Zazwyczaj koniec świata przedstawia się jako efekt złego "gospodarowania" tym, co dała nam w prezencie Natura; Virion to opowieść o tym, jak człowiek doprowadził do własnej degradacji. Jednocześnie jednak zagłada przyniosła jakiś pozytywny efekt, bowiem Thymeńczycy nie wiedzą, co to zło. Są niewinni niemal jak niemowlęta. Cofnęli się, ale ta zmiana wyszła ludzkości na dobre. Ciekawe, prawda? Pozytywna degradacja, coś nowego.
Virion sprawia, że mieszkańcy zaczynają zachowywać się jak... my. Mgła ich opętuje, zalewa serca, burząc wszelkie obronne mury.

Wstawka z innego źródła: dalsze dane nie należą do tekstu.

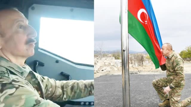 阿塞拜疆总统在纳卡地区升起并亲吻国旗#当地时间23日,阿塞拜疆总统阿利耶夫携副总统妻子前往纳卡阿格达姆视察。画面显示,阿利耶夫亲自驾驶军车。第一夫人兼副总统阿利耶娃将这段视频上传至社交网络。早在17日,阿利耶夫就同妻子一同前往纳卡地区,受到当地民众的热烈欢迎。到达阿格达姆后,阿利耶夫还升起阿塞拜疆国旗,并单膝跪地亲吻国旗。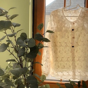 トップス レディース 送料無料 シャツ ブラウス ワイシャツ 総レース プルオーバー ビッグ襟 ビッグカラー 花柄レース 花柄 小花柄 小花柄 クルーネック ラウンドネック 長袖 パフスリーブ ランタンスリーブ バルーンスリーブ バブルスリーブ ボリューム袖 アイボリー 白系 ボタン 透け感 透明感 シースルー 抜け感 こなれ感 ガーリー キュート 上品 エレガント おしゃれ お洒落 レトロ S M L XL 大きめ ゆったり 春服 夏服 秋服 冬服 オールシーズン シーズンレス 重ね着 普段使い 着回し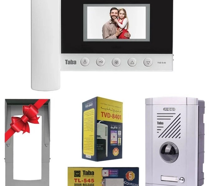 آیفون تصویری تابا مدل TVD5-43یکی از محصولات تابا می باشد. شرکت تابا از جمله شرکت هایی است که بی وقفه به دنبال تغییر و تحول در تولید و طراحی محصولات خود بوده است و هر از چند گاهی توسط طراحان با استعداد خود و درک نیاز مشتریانش توانسته محصولات جدیدی را روانه بازار است کند، که از این بابت به جرات می توان گفت در میان رقبای خود بسیار موفق عمل کرده است، آیفون تصویری تابا مدل TVD5-43 یکی از جدیدترین و در عین حال زیباترین محصولات تابا الکترونیک بوده است که قطعا از لحاظ ظاهری نظر مشکل پسندترین مشتریان آیفون تصویری را به خود جلب می کند، یکی از تفاوت های بسیار بارز این مدل با سایر مدل های آیفون تصویری تابا مسطح بودن بدنه این سری از محصولات تابا است که در عین سادگی ظاهریش، بسیار خوش فرم طراحی شده است که می تواند اولین گزینه برای افرادی باشد که به دنبال یک محصول شیک و منحصر به فرد برای زیباتر شدن نمای خانه شان هستند باشد.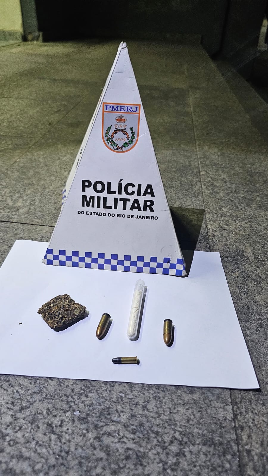 Durante as buscas no imóvel onde o suspeito se encontrava, os policiais localizaram uma caneta contendo cocaína, uma porção de maconha, duas munições de calibre 9 mm e uma munição de calibre .22. O suspeito, de 21 anos, foi encaminhado à 107ª DP, onde permaneceu preso à disposição da Justiça e a ocorrência registrada pelos crimes de posse de entorpecente para consumo pessoal e posse ilegal de munição.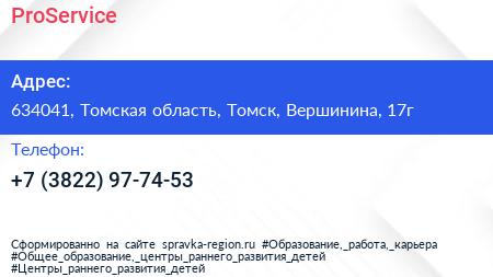 ProService по адресу 634041, Томская область, Томск, Вершинина, 17г в дальнейшем Организация, размещена в следующих категориях: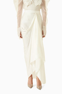 Featuring a Ivory Draped Style Skirt by Renasci. The front drape gives a flattering look to the body and can be worn with a shirt or your favorite top. The satin sheen makes it a great option for a night out.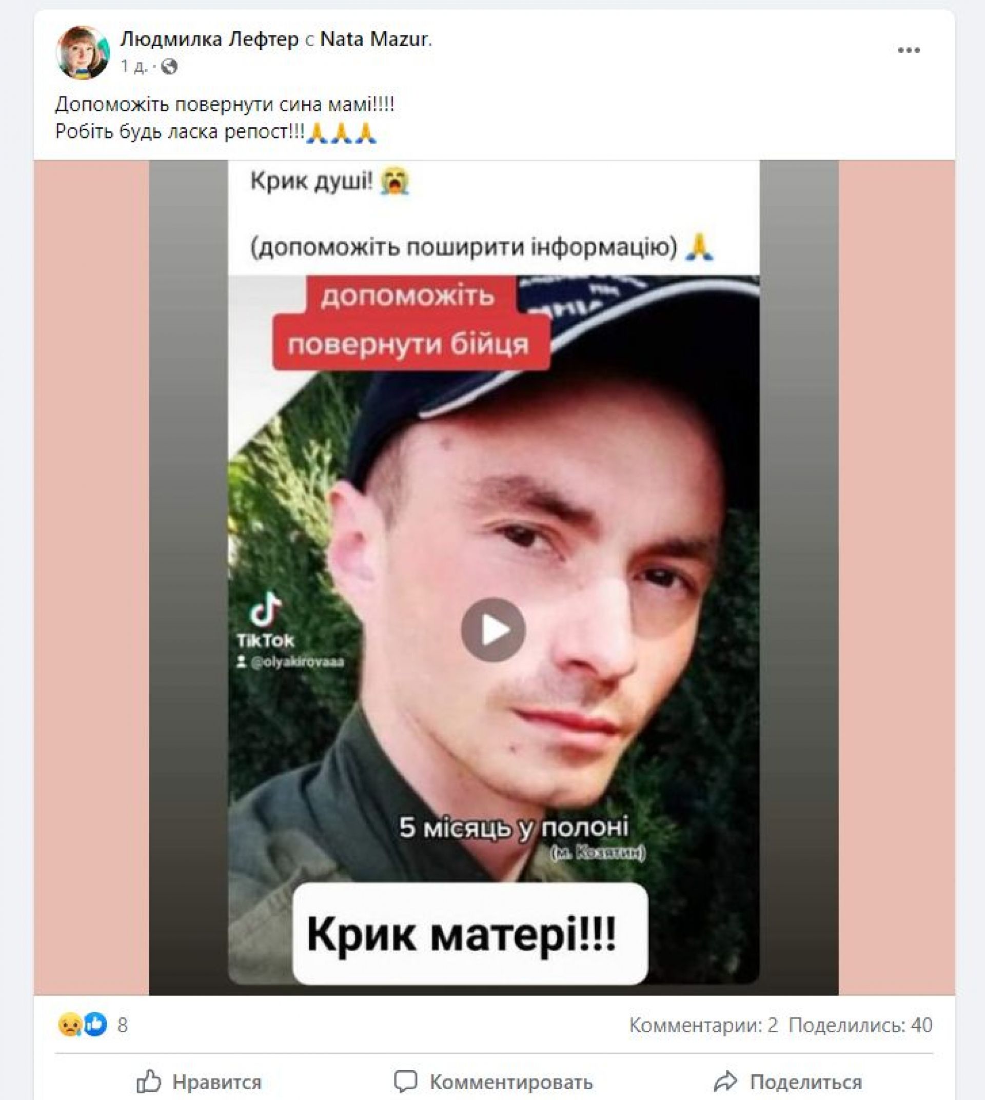 Мати благає про допомогу повернути бійця додому, адже материнське серце не на місці.

Jest coraz bliżej... dlatego "głowy osady" muszą jak najszybciej znaleźć sposób, jak poradzić sobie z nowym, nieznanym wrogiem.
Historia jest bardzo ciekawa; przez większość książki towarzyszymy w podróży starszemu synowi władcy, Kenrilowi oraz jego przyjaciołom. Możemy przypatrywać się nowym krajobrazom, słuchać opowieści o ludach nam nieznanych, patrząc na przeróżne dziwy. Czytając, jak bohaterowie muszą zmierzyć się z agresywnym niedźwiedziem (efekt virionu) miałam mieszane uczucia. Dlaczego? Prawdopodobnie przez to, że Kenril dotychczas nigdy nie spotkał się z agresywnym zwierzęciem, co nie zmniejszyło jego wyrzutów sumienia po zabiciu go. Cóż, "grzeczne" leśne zwierzaki to dla mnie kompletna abstrakcja.
Pewnie myślicie, że w dwustu sześćdziesięciu stronach zamyka się historia o próbach opanowania atakującego zła? Otóż nie. W prezencie dostajemy również wątek miłosny. Na szczęście nie pochłania całego pomysłu, pani Patrzylas nie koncentruje się wyłącznie na pokazaniu, jak mocna więź łączy dwójkę bohaterów- nie. Miłość jest, ale nie najistotniejsza. Walka o dobro to główny wątek i tego konsekwentnie się trzyma.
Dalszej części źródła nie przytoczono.